Your assignment — An exact copy of every record below is needed, with the pictures left out.

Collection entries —

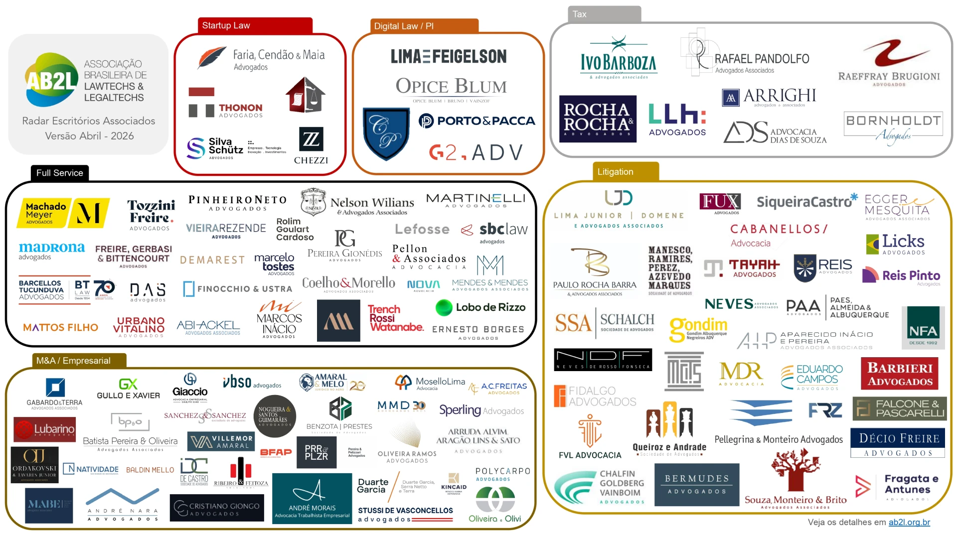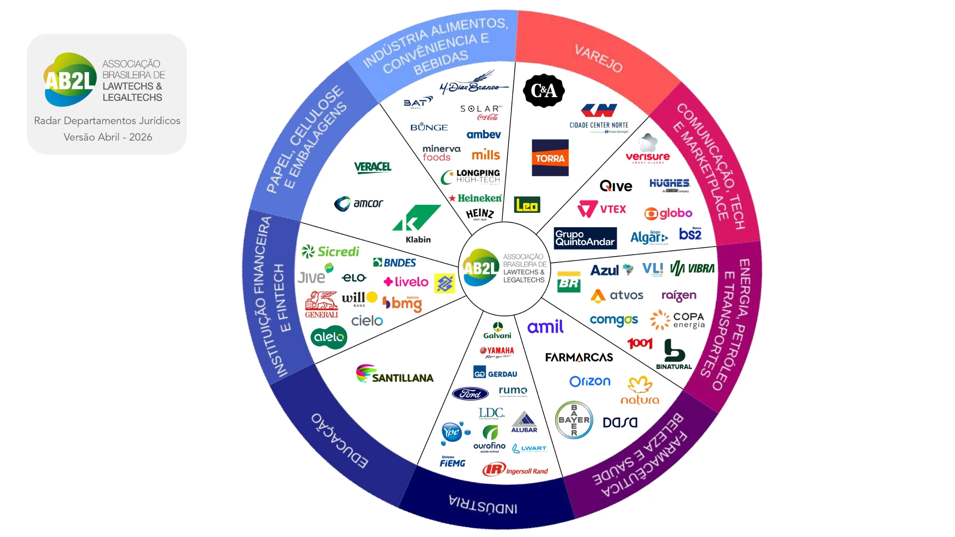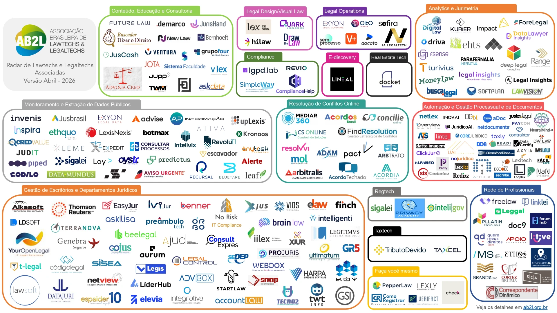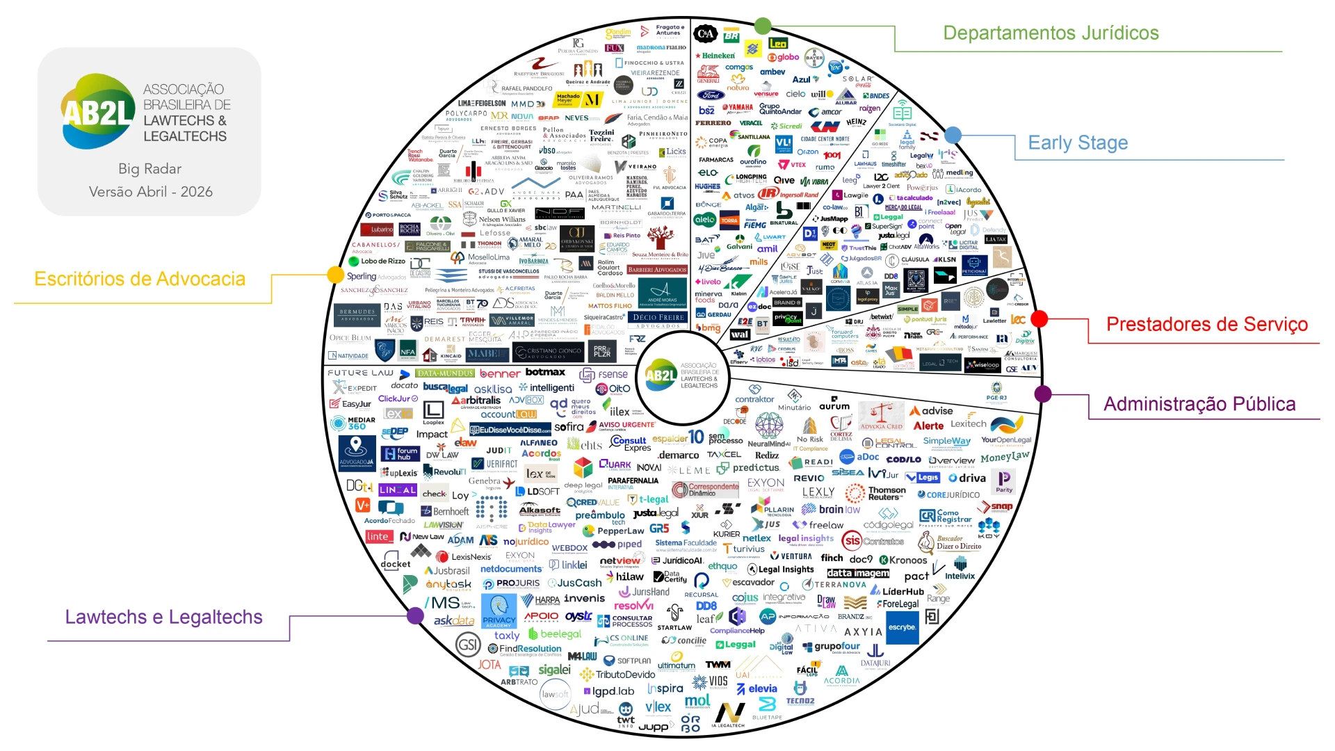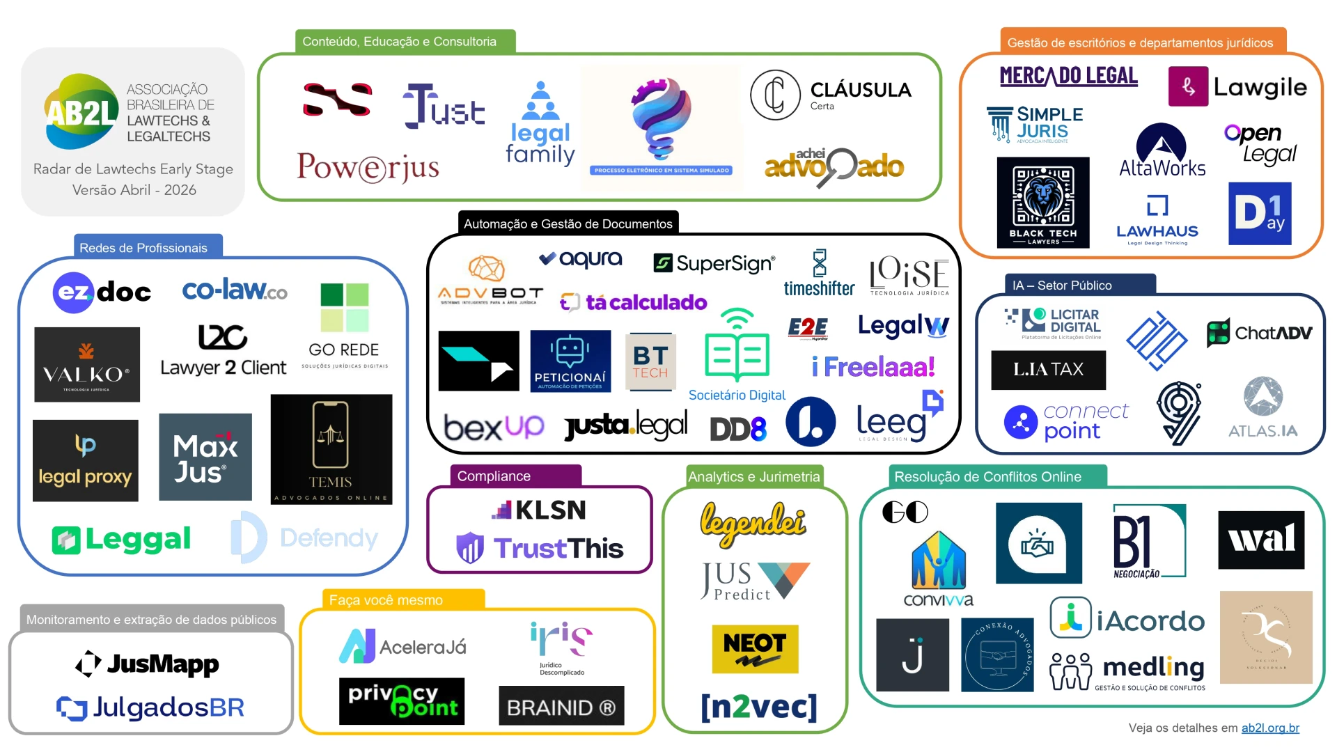 Cada radar representa uma comunidade dentro da AB2L, com seus principais atores e iniciativas.
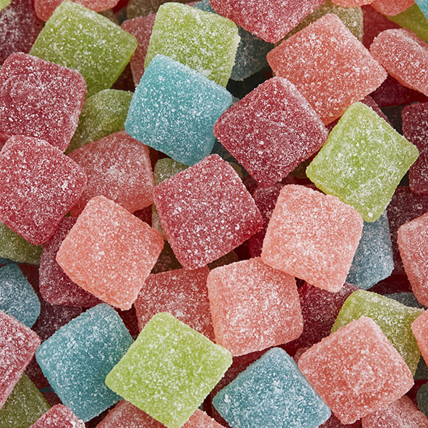 On the sour scale they are mild. I can taste a bit of tartness, from the sour powder clinging to the outside, but they don’t really elicit any kind of reaction from me. My mouth knows they should be sour, but I don’t get any of the tart bite or good sour pain from the candy. They’re lightly, mildly sour. For someone like me that’s a knock against because when I want sour I really want sour. These candies say they’re sour but they’re really not.
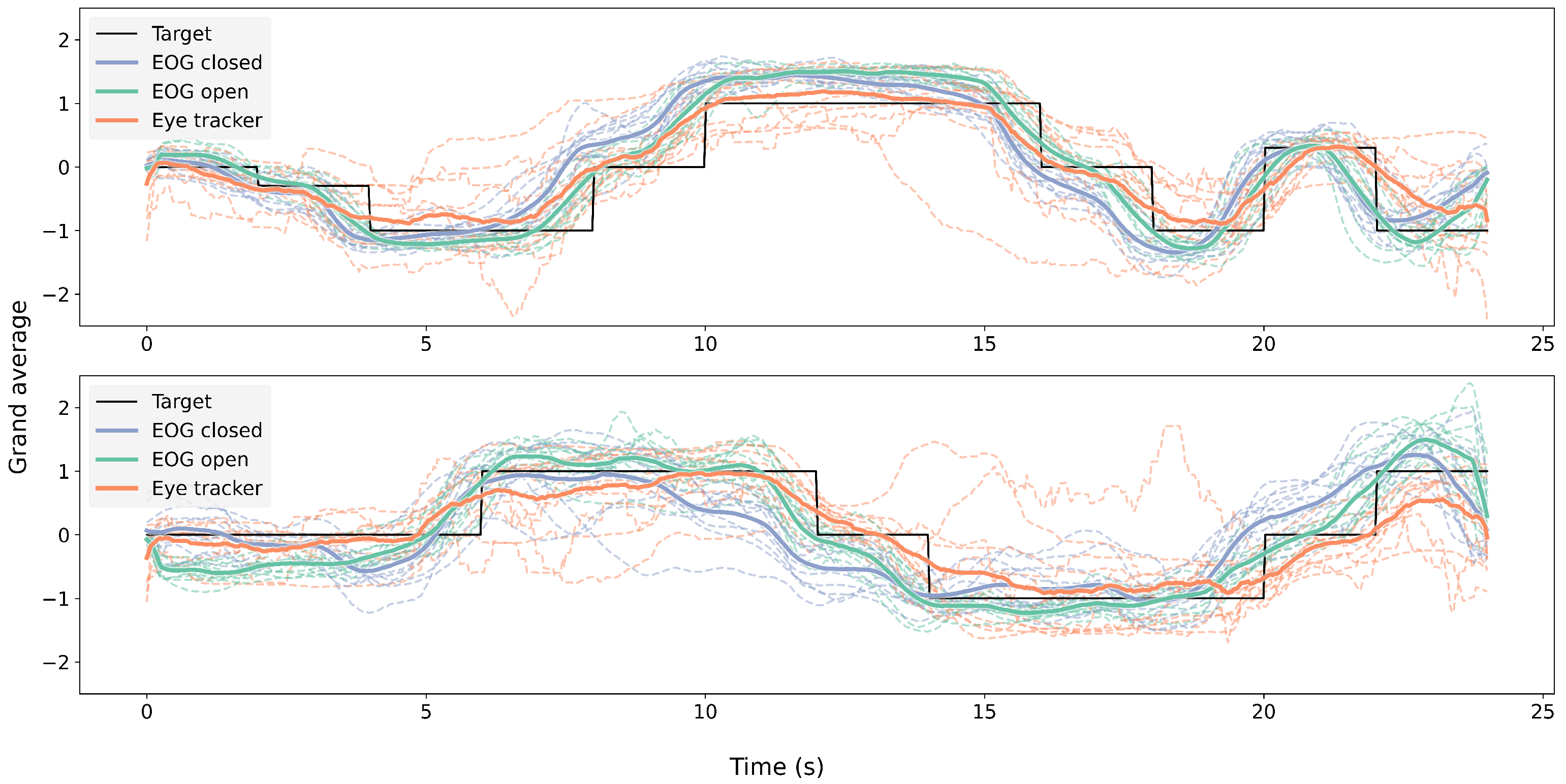 - We established eye tracking as a benchmark for evaluating EOG-based gaze direction estimation by comparing both modalities under eyes-open conditions.
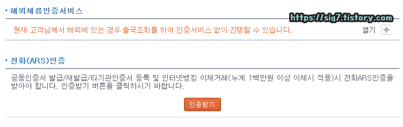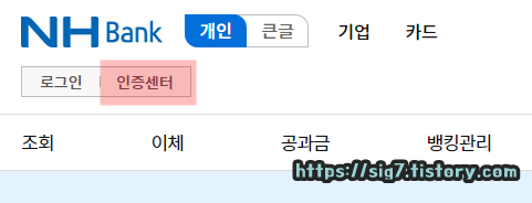 홈페이지 접속 후, 좌측 상단에 보이는 '인증센터'를 눌러줍니다.
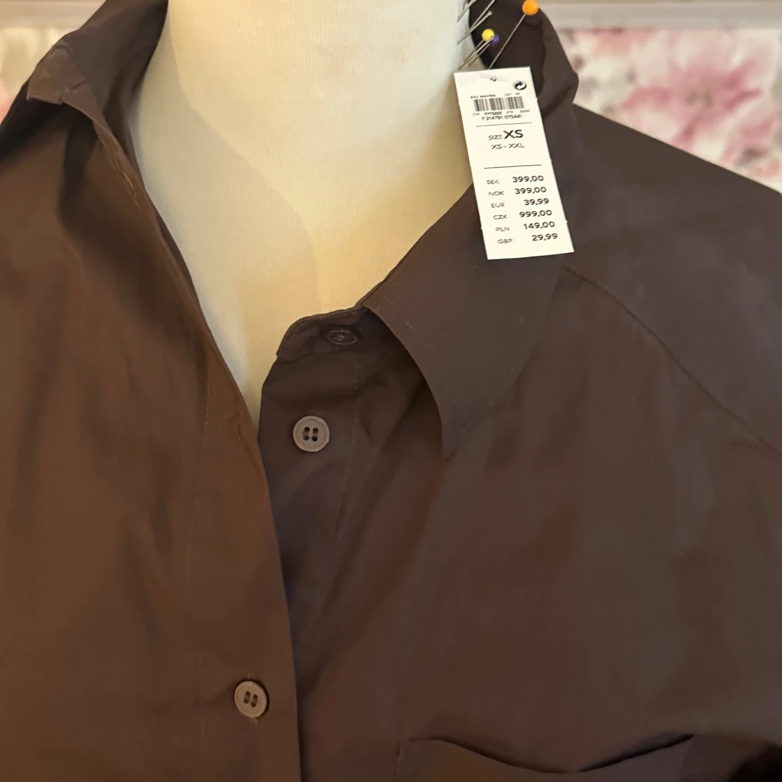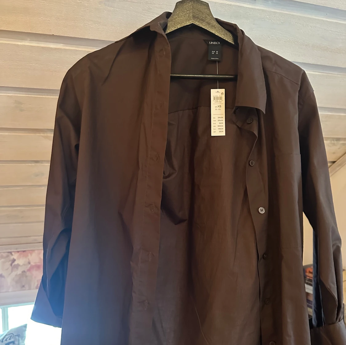 Helt ny och oanvänd brun skjorta från Kappahl, originalpris 399 :) för fler bilder eller frågor kontakta mig :) det står XS men skulle passa oversized på dom med s/M i storlek.

Answer area —
 Cada radar representa uma comunidade dentro da AB2L, com seus principais atores e iniciativas.
 On the sour scale they are mild. I can taste a bit of tartness, from the sour powder clinging to the outside, but they don’t really elicit any kind of reaction from me. My mouth knows they should be sour, but I don’t get any of the tart bite or good sour pain from the candy. They’re lightly, mildly sour. For someone like me that’s a knock against because when I want sour I really want sour. These candies say they’re sour but they’re really not.
 - We established eye tracking as a benchmark for evaluating EOG-based gaze direction estimation by comparing both modalities under eyes-open conditions.
 홈페이지 접속 후, 좌측 상단에 보이는 '인증센터'를 눌러줍니다.
 Helt ny och oanvänd brun skjorta från Kappahl, originalpris 399 :) för fler bilder eller frågor kontakta mig :) det står XS men skulle passa oversized på dom med s/M i storlek.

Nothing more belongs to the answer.